The corpus set was designed to cover all major morphological types:
Agglutinative — Finnish, Basque, Tagalog, Ilocano, Turkish. These languages add discrete, separable morphemes to roots and were expected to produce higher VMML.
Analytic — English, Mandarin Chinese, Vietnamese. These languages rely on word order rather than morphology and were expected to produce lower VMML.
Fusional — Latin, Ancient Greek, Russian. Morphemes fuse and alter each other; intermediate VMML expected.
Isolating — Cantonese, Thai. Minimal inflection; low VMML expected.
Unknown scripts — Voynich Manuscript (EVA), Rohonc Codex. The subjects of comparison.

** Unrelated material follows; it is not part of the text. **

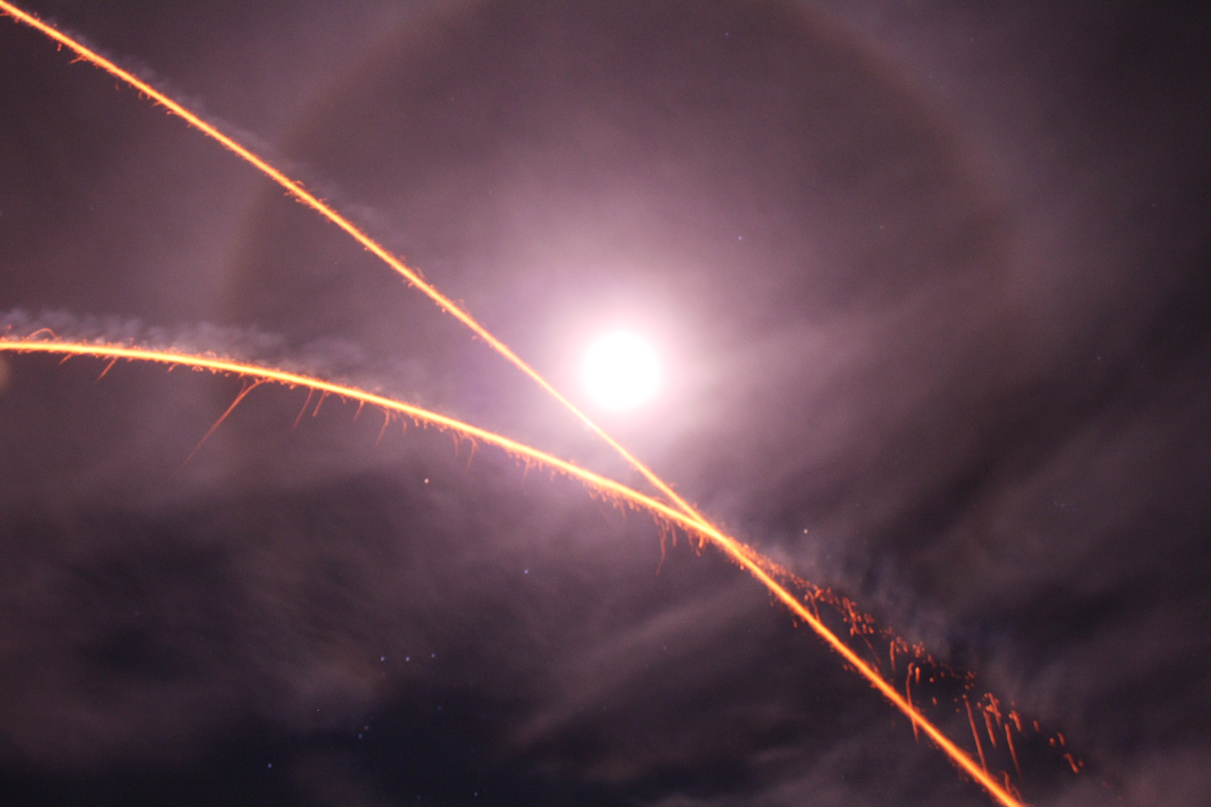 Leserbilder Astronomie: Mondhalo mit Feuerwerksraketenspur

Boundary Concentration (BC)
VMML alone is insufficient to characterise morphological structure — two languages can share similar VMML while reaching it through entirely different mechanisms. Boundary Concentration was introduced to resolve this ambiguity.
BC measures what fraction of BPE morpheme boundaries fall at edge positions — the first or last 20% of the token. A high BC indicates that most morphological work happens at word edges: prefixes and suffixes. A low BC indicates that morphological boundaries are distributed internally — a signature of infix-heavy systems like Philippine focus languages.
This metric was the decisive discriminator in Paper 8. Tagalog's VMML can, under certain corpus conditions, approach or enter the Voynich zone. But Tagalog's BC of approximately 0.20 is irreconcilable with Voynich's 0.361 — a gap of 0.16 units that reflects fundamentally different morphological architectures.
High BC in Voynich is consistent with prefix/suffix-dominant morphology. Low BC in Tagalog reflects its focus-morphology system, which encodes grammatical functions via infixes and circumfixes distributed through the interior of words.
Honest Limitations
We hold ourselves to the standard we apply to others. Every methodological limitation is disclosed in our preprints. Here are the most significant ones.
- 01 BC and CBMI edge windows (20%) are operationally defined, not statistically optimised thresholds. Different window choices would yield different absolute values; relative ordering across languages may still hold.
- 02 The 80,000-token cap introduces a negative VMML bias relative to full-corpus computation. Nietzsche was run at full corpus (n=82,802) to set the ceiling — all other corpora were capped. This could artificially inflate Voynich's relative position if Voynich is a small text.
- 03 Cross-text stability requires multiple texts per language to establish that a given VMML value is a property of the language, not the specific text. Paper 8 demonstrated this risk concretely: Tagalog VMML varies by 0.336 units across two Rizal novels.
- 04 All Voynich analysis depends on the EVA (European Voynich Alphabet) transcription. EVA encoding choices directly affect BPE learning. Results are valid under EVA; other transcription schemes would need independent testing.
- 05 Correlation is not causation. Similar VMML values do not imply linguistic relationship, shared origin, or any semantic claim about what the Voynich Manuscript means. VMML characterises structural fingerprint, not content.